Reflections and Implications

This book has charted a challenging and I hope an exhilarating journey for the reader. We have entertained the hypothesis that key aspects of Eastern and Western religion are much more connected than is generally assumed, and we have seen how plausible that notion is. Appreciating potential connectedness could serve as a solid basis for greater understanding, compassion, and interchange between devout practitioners of different Eastern and Western religions.

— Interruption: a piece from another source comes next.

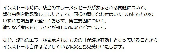 インストール失敗しているのに何言っているの?と思われるかもしれませんが、サポートの回答によるとエラーコード2755が表示されていてもインストール完了しているケースがあるそうです

We have also developed an appreciation for the intensity of several irreconcilable differences between Buddhism and Christianity. A spiritual marriage is out of the question. Forcing it would create spiritual schizophrenia, for which the only remedy is to join one camp and abandon the other. The choices are clear, as detailed at the beginning of
Chapter Sixteen
:

  1. Seek an interactive relationship with a personal God and other believers, or burrow deeply into the divine within, fixating on it through marathon, self-disciplined meditation.
  2. Accept God’s antidote for our bad karma, his mercy, grace, and forgiveness, or tough it out, heroically accepting its ugly consequences during a succession of reincarnations.
  3. Cultivate an attitude of humility—or arrogance—toward different faiths.
  4. Seek to intervene in the lives of those who believe differently, or “live and let live.”

If we don’t make these choices, we either end up standing for nothing, or we founder, sinking into the quicksand of spiritual wishy-washiness. Jesus had words for people in that condition: “I know your deeds, that you are neither cold nor hot. I wish you were either one or the other! So, because you are lukewarm—neither hot nor cold—I am about to spit you out of my mouth.”